* _Work instructions_: Give back, word for word, the lines in the listing below from the one holding "كم في التفسير: ثنا" down to the one holding "While the housing", both ends included.

* _Supplied material_:
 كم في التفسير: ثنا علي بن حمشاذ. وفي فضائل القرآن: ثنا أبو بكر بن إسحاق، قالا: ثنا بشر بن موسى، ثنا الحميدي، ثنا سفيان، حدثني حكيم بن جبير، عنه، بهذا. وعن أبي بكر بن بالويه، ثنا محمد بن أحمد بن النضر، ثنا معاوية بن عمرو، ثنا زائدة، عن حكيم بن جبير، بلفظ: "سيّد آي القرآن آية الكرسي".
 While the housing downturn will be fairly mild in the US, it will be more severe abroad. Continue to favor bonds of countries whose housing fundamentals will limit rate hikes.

...

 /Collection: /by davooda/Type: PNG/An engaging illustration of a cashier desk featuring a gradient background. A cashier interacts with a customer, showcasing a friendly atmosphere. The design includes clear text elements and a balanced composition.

* * *

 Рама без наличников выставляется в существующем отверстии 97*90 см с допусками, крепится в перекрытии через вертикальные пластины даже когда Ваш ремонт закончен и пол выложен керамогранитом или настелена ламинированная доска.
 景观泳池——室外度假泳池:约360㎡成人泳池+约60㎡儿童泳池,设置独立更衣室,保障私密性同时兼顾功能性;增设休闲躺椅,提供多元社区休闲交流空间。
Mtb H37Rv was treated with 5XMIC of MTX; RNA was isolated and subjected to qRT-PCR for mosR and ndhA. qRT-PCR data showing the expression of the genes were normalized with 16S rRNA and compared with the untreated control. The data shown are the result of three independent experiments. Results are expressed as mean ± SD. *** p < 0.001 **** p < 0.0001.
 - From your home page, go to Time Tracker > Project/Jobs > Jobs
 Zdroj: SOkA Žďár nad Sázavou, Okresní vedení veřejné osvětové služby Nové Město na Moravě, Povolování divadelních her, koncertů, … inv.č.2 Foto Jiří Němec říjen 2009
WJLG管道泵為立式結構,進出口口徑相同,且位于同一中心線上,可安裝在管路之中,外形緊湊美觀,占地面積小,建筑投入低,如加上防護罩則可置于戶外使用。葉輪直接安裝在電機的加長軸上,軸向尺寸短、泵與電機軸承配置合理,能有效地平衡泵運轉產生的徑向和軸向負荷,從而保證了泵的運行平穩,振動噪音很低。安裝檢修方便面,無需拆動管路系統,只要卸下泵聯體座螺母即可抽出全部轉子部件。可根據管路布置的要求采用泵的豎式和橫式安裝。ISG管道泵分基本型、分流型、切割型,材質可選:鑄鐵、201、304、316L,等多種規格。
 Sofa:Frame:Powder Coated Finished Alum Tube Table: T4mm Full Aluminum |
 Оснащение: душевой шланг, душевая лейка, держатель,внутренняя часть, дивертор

* _Solution to this problem_:
 كم في التفسير: ثنا علي بن حمشاذ. وفي فضائل القرآن: ثنا أبو بكر بن إسحاق، قالا: ثنا بشر بن موسى، ثنا الحميدي، ثنا سفيان، حدثني حكيم بن جبير، عنه، بهذا. وعن أبي بكر بن بالويه، ثنا محمد بن أحمد بن النضر، ثنا معاوية بن عمرو، ثنا زائدة، عن حكيم بن جبير، بلفظ: "سيّد آي القرآن آية الكرسي".
 While the housing downturn will be fairly mild in the US, it will be more severe abroad. Continue to favor bonds of countries whose housing fundamentals will limit rate hikes.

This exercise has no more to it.